- Born: 27 January 2000 (age 26) Marylebone, London, England
- Education: Camberwell College of Arts
- Occupations: Model; photographer; social media influencer;
- Parent(s): Noel Gallagher (father) Meg Mathews (mother)
- Relatives: Liam Gallagher (uncle)

= Anaïs Gallagher =

English model and photographer

Anaïs Gallagher (/əˈneɪ.ɪs/; born 27 January 2000) is an English model, photographer, presenter, editor and Internet personality. The daughter of Oasis musician Noel Gallagher and columnist Meg Mathews, she modelled for Accessorize, Reebok, H&M and Dolce & Gabbana, and presented Friday Download. She also filmed the music video for Inhaler's "My Honest Face" and has written for Teen Vogue and Tatler.

== Early life and education ==
Anaïs Gallagher was born on 27 January 2000 at the Portland Hospital in Marylebone, central London to Oasis musician Noel Gallagher and Meg Mathews and was named after Anaïs Nin. She grew up in Primrose Hill, North London. Her parents divorced when she was a toddler in 2001, but she remained close with both of them. She was kept out of the public eye for most of her childhood. She has two younger paternal half-brothers and is the niece of Liam Gallagher.

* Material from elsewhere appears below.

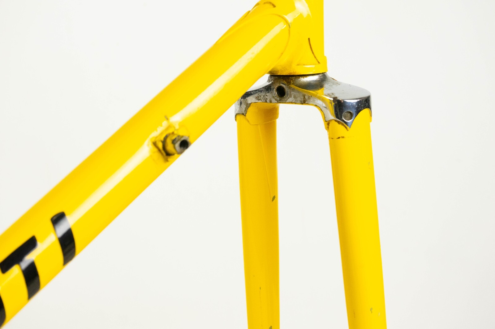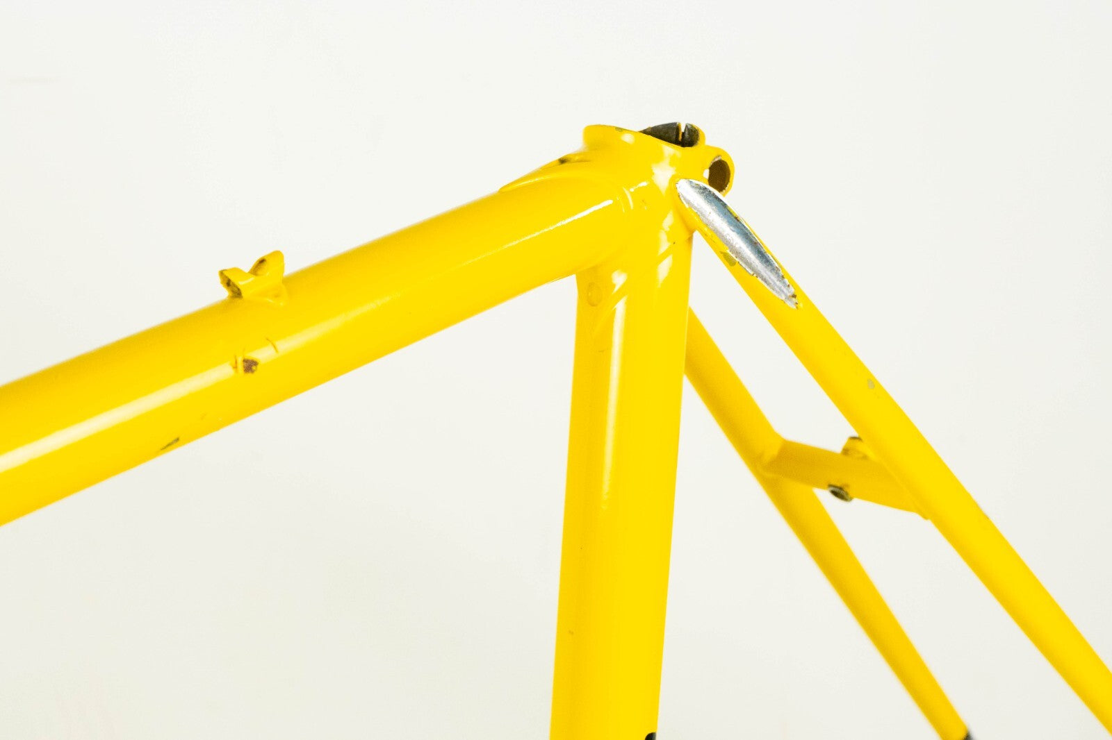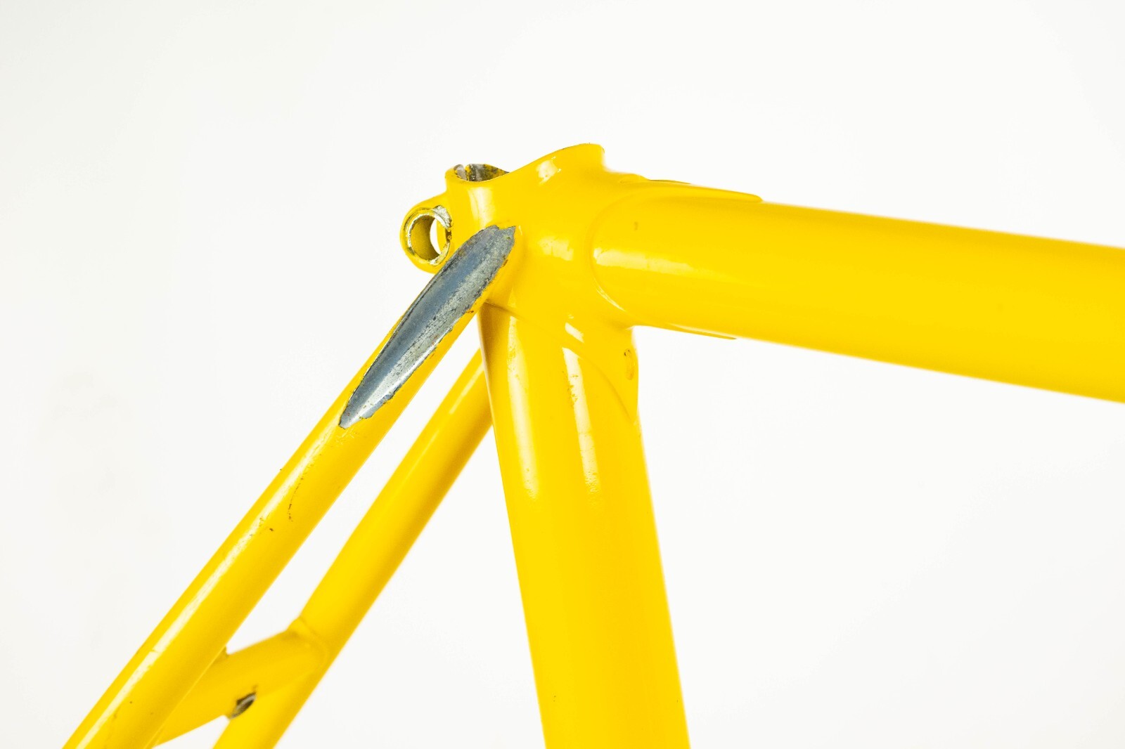 High end frame set built with particular care and with top quality materials; the tubing could be Reynolds or Columbus SL, looking at the weight, Campagnolo dropouts
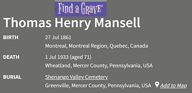 | 6 | Thomas Henry Mansell | 27 Jul 1861 Montreal, Montreal Region, Quebec, Canada |

Gallagher boarded at Bedales School in Hampshire before switching to a day school in Hampstead. Gallagher, like her father, is dyslexic. She stated in December 2018 that she had been vegetarian since she was nine or ten and in October 2020 that she was teetotal owing to her parents' experiences with drugs. She became interested in photography aged six or seven after being given a disposable camera by her mother and graduated with a degree in photography from the Camberwell College of Arts.

==Career==
In 2013, Gallagher modelled for People for the Ethical Treatment of Animals, having become involved with the charity after her mother began working for them. She judged a competition for them in 2016 which offered a designer a chance to design a shoe with vegan label Bourgeois Boheme and stated in October 2017 that her modelling career was entirely down to her father. In 2015, she modelled for fashion brand Accessorize under their younger range, Star. In August 2017, Gallagher modelled for Reebok in their Autumn/Winter campaign, which was photographed in Hampstead Heath, and then the following month she modelled for Dolce & Gabbana. In February 2018, Gallagher became the face of H&M's denim line. Later that year, she collaborated with Vauxhall Motors for their film "Twentyfive", celebrating twenty-five years of the Vauxhall Corsa.

In 2014, she began presenting Friday Download. She stated in a November 2016 interview with The Cut that she had soured on TV presenting as she felt she could do it with her eyes closed. In June 2017, she wrote a column for Teen Vogue lamenting that people her age were unable to vote in the 2017 United Kingdom general election. She was hired in May 2018 as fashion editor for Tatler. In 2019, Gallagher filmed the music video for Inhaler's song "My Honest Face". In 2020, after meeting him on a dating site, Gallagher moved into Instagram farmer Julius Roberts' farm for lockdown; she later featured on his 2022 programme A Taste of the Country.

In 2021, she shot several celebrities for a Coca-Cola campaign. On 4 June 2024, Noel Gallagher announced a four-episode docu-series, "The Making of the Council Skies", would be released on YouTube. It focused on the making of Noel Gallagher's High Flying Birds fourth album, Council Skies, coinciding with its first birthday. The series was filmed entirely by Anaïs and released on 25 June. In August 2024, Gallagher attracted press attention for a TikTok post accusing some long-term Oasis fans of ageism and sexism for complaining that they were losing out on tickets to Oasis Live '25 Tour to younger female fans.